Bland also made an obelisk with a medallion portrait of King Charles II on the pedestal, to commemorate his halt at Black Dub in 1650 (3) and he set up a stone to mark the place where Joseph Addison’s forefathers had lived. In 1842 he carved the statue of Britannia and bas-reliefs on the octagonal column erected at Shap Wells Spa, Westmorland, to commemorate Queen Victoria’s accession (1). The north panel has a palm and olive wreath, emblematic of peace and plenty, surmounted by the Lowther arms, while the east panel presents the British lion, with its paw resting on a globe. On the east side is a relief of the goddess Hygeia, pouring medicinal waters from a goblet into a shell held by an aged invalid.
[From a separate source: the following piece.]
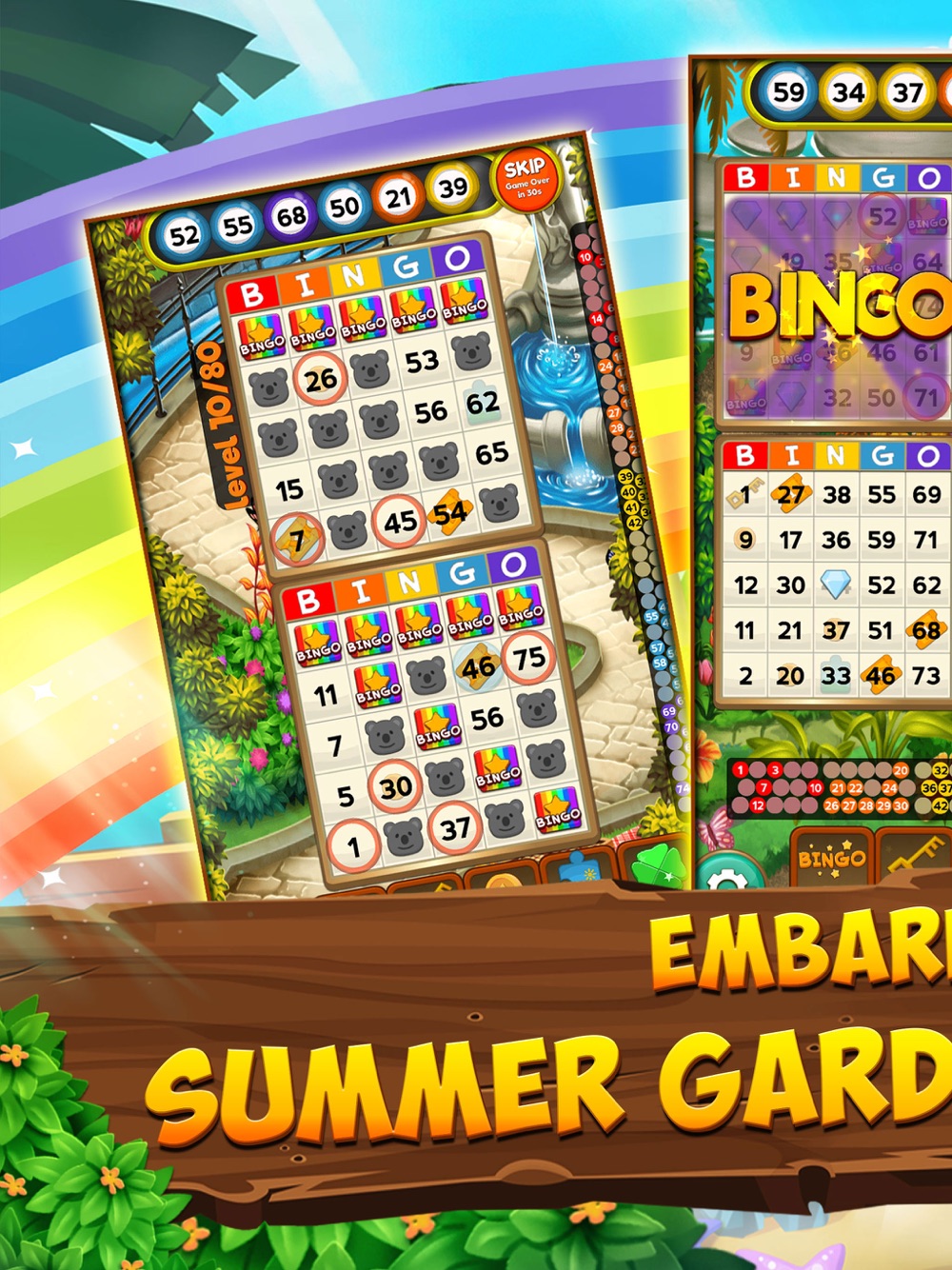As you progress through our free bingo live game adventure, you’ll have the chance to explore new areas in the land of four seasons. Adore the summer birds and waterfalls along your bingo journey and, with 80 levels of free bingo waiting for you in the gardens, you’ll have hours of fun in this beautiful garden land! You can even play bingo games offline!

A local guide published soon after noted that Bland was a self-taught sculptor and that he had donated the statue and reliefs (Westmorland 1851, 223). The sculptor celebrated the anniversary of the Queen’s accession each year by opening his garden to the public and engaging a band for the occasion.
Bland had at least one opportunity to further his artistic career: David Cox the Younger, impressed by some of his drawings, wished to introduce him to the London art world, but Bland was not interested in fame and the offer came to nothing. He died unmarried in September 1865.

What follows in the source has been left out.